Вот вроде за одним столом сидели они с Татьяной, а так далеко от друг дружки, будто по разные концы поселка. И шли годы, все дальше и дальше разводя супругов.
И каждый, наверное, из них был прав, но на свой манер. До 1947 года Степан топтал чужие земли. Изголодалась душа по родным местам. Часто виделись ему свой собственный угол, в нем — широкая печь, большой стол и как он пьет молоко прямо из кринки — через край. Бывало, долго разглядывал свои руки, будто прикидывал к ним топорище, рубанок, черенок литовки — все те предметы, с помощью которых от века ставилось мужицкое счастье.
Он верил, что скоро кончится война, и она кончилась. Верил, что кончится и его солдатская служба, и она закончилась в памятном 1947-м. Но сильнее всего он верил в свои руки — сильные, мозолистые, ко многому приспособленные. И войну-то он воспринимал как работу, где руки его были нужнее всего. И что толковать: на фронте, когда идет бой, каждому солдатику кажется, что он в самом центре этого боя и все пули, все снаряды противника летят только в его сторону.
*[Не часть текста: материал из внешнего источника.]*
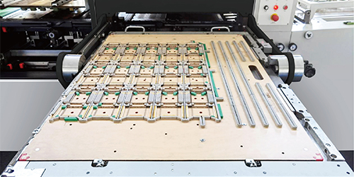 | 05、中間清廢板的安裝采用中心線快速定位安裝方式,快速安裝清廢板,上、下框運行,而中框不運行,少打連點,不易散板 | 〇 |
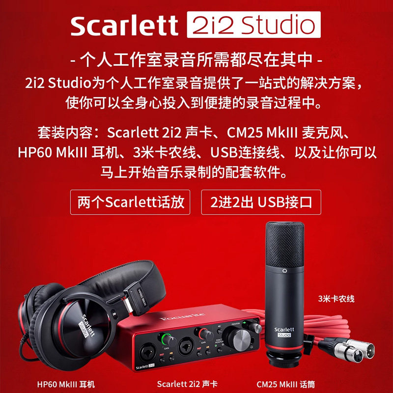 📚 Focusrite福克斯特Scarlett2i2 Studio三代/四代录音声卡话筒套装
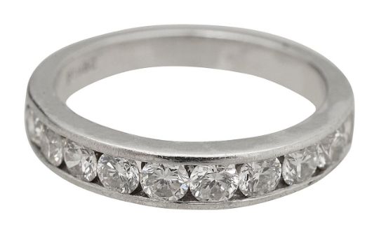 with PT950 stamp with ten round brilliant cut diamonds in a channel setting
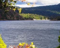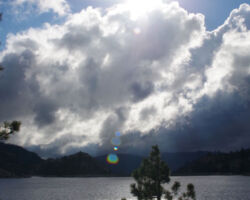 In a few miles we were looking for the first of many lakes we either pass by within sight of the road or pass by roads leading to lakes. The first on our list was Weber Lake. We came to a huge intersection and caught a glimpse of a body of water out in a flat grassy meadow, but not seeing a sign or designated turn off, and not being impressed with what we saw, we continued on down the road. Next up Jackson Meadows Reservoir.
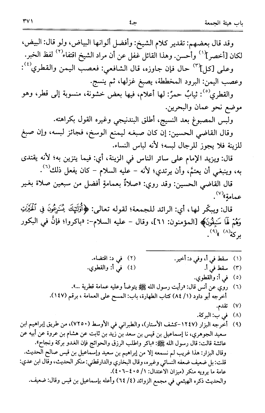 قال القاضي الحسين: وقد روي: "صلاةٌ بعمامةٍ أفضل من سبعين صلاة بغير عمامةٍ".
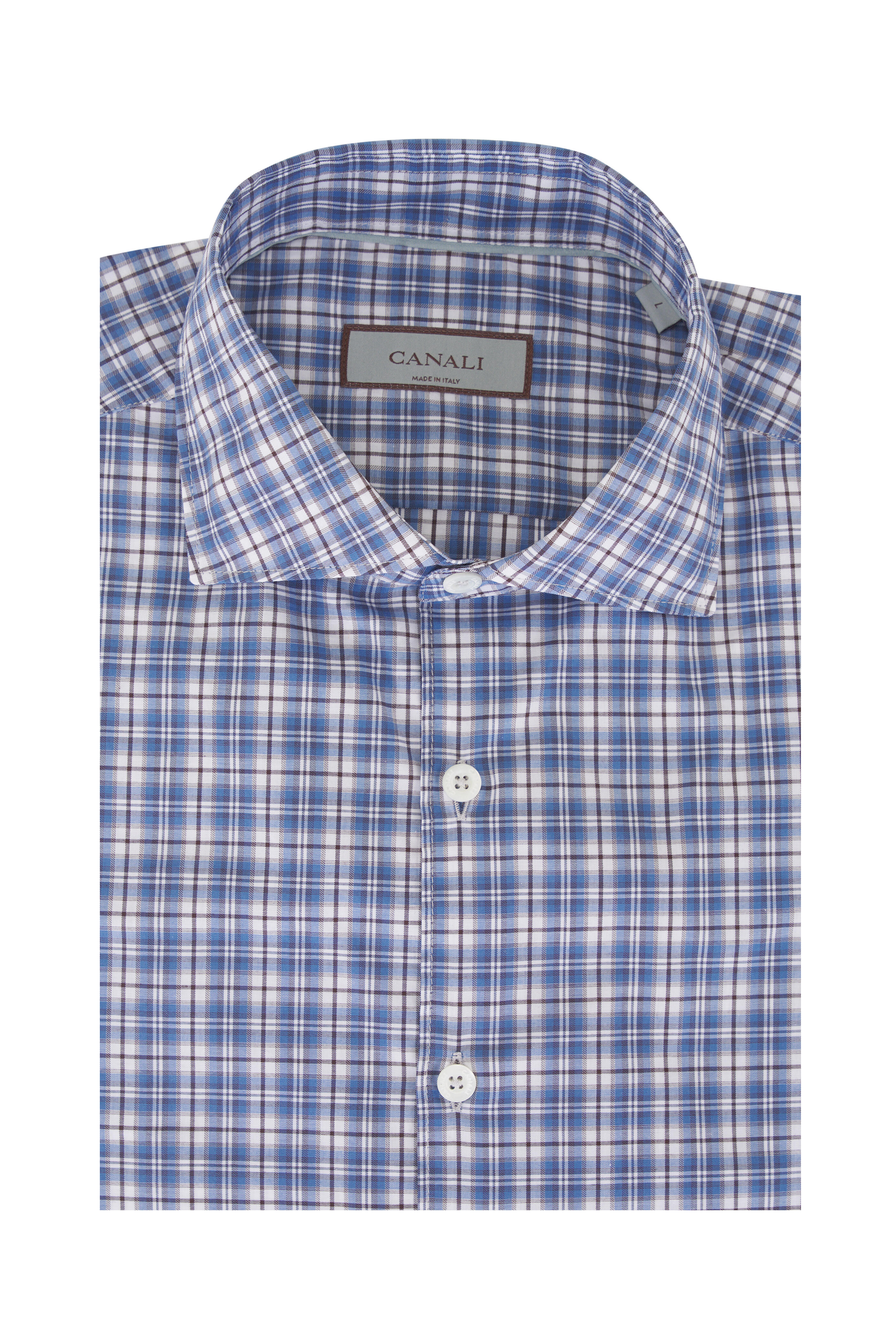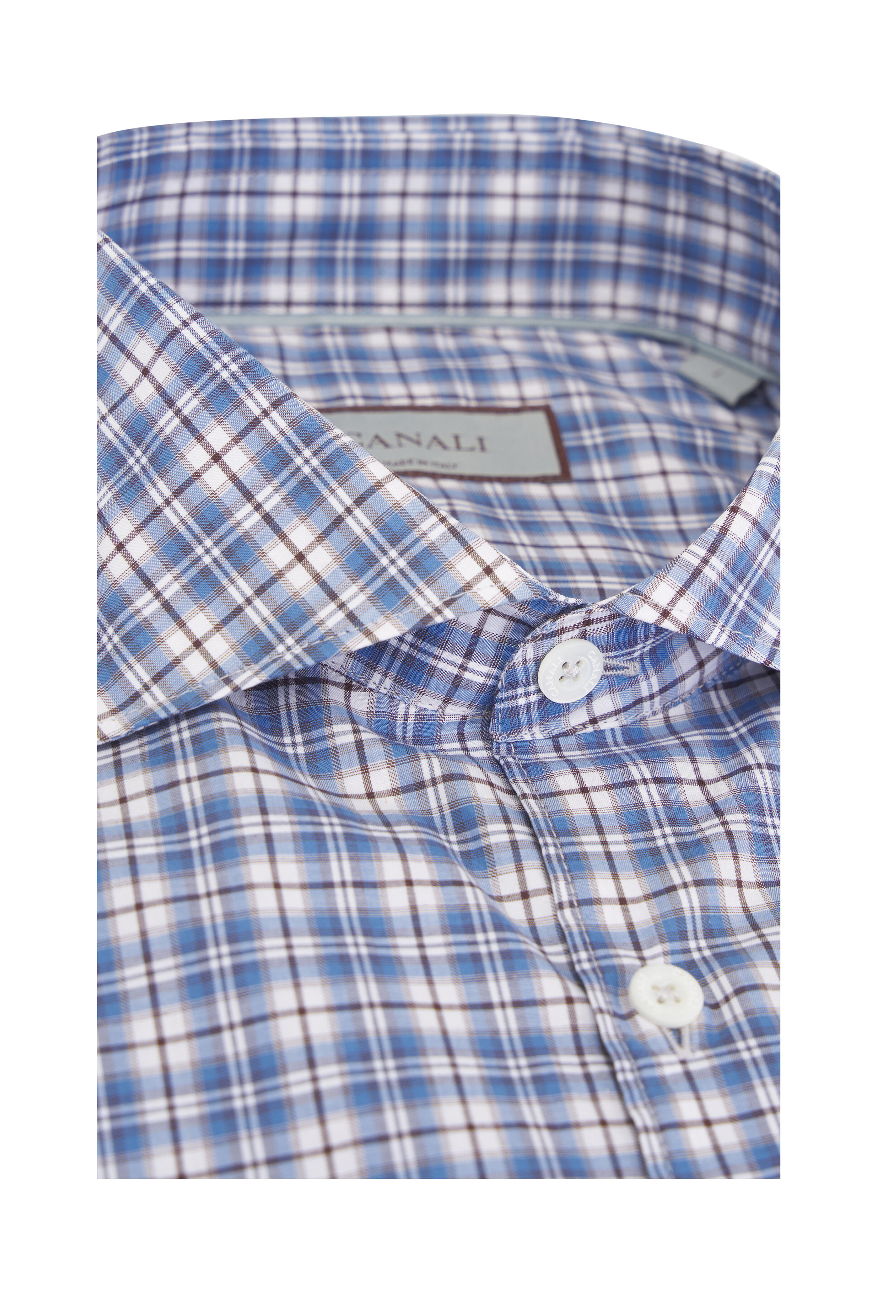Light Blue & Brown Plaid Cotton Sport Shirt
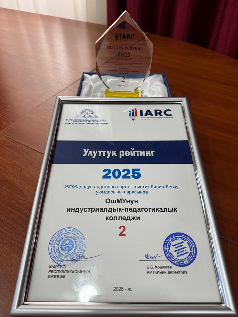 2025–2026-окуу жылында Көз карандысыз аккредитация, рейтинг жана лицензиялоо институту өткөргөн II улуттук рейтингдин жыйынтыгында ОшМУнун Индустриалдык-педагогикалык коллежи республика боюнча алдыңкы окуу жайлардын катарына кирди.
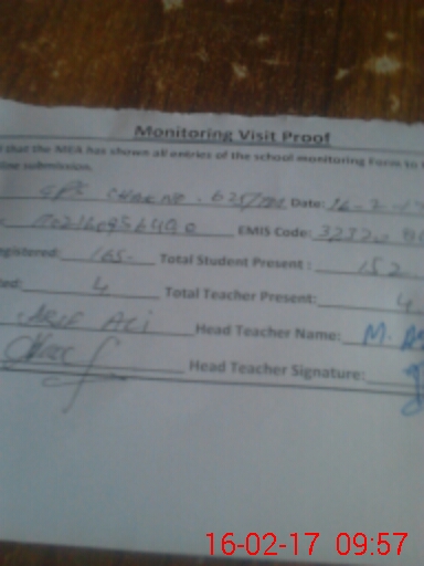 | Attendance Register | Head Teacher | MEA with School | Visit Proof |
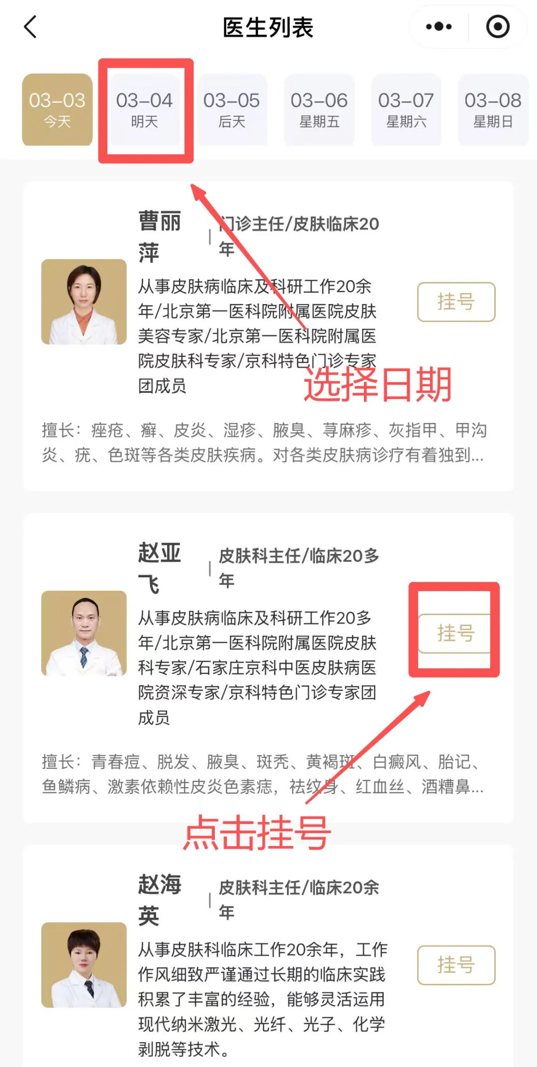 (点击医生头像可查看医生详情)

И некогда думать, нельзя на чем-либо сосредоточиться, и только руки делают то, что и должно делать воину.
Он помнит, как махина немецкого танка на его глазах стоптала, сжевала и пушку, и весь ее расчет, а он, прижатый к земле в каких-нибудь метрах десяти от того страшного места и не имея под рукой ничего, что бы могло остановить железную смерть, шарил и шарил вокруг себя руками. И надо же было такому случиться, что руки его вдруг нащупали скользкие горлышки бутылок с горючей смесью — им же и приготовленные, но о которых он в пылу боя сам напрочь позабыл. А вот руки — не забыли.
— Ну, погодите, гады… — пробормотал, прикидывая расстояние до ближнего танка.
И с каким же остервенением, вернее, с наслаждением запустил первую в ненавистную железину, и как осветилось его черное от гари и грязи лицо великой радостью, когда пламя охватило машину: она остановилась, из верхнего люка показалась фигура танкиста. И тут же с другой руки Степан дал по нему короткую очередь из автомата. Потом еще и еще. А уже откуда-то сбоку надвигалась другая махина: с нею повторилось то же, что и с первой. Потом третья, четвертая, пятая…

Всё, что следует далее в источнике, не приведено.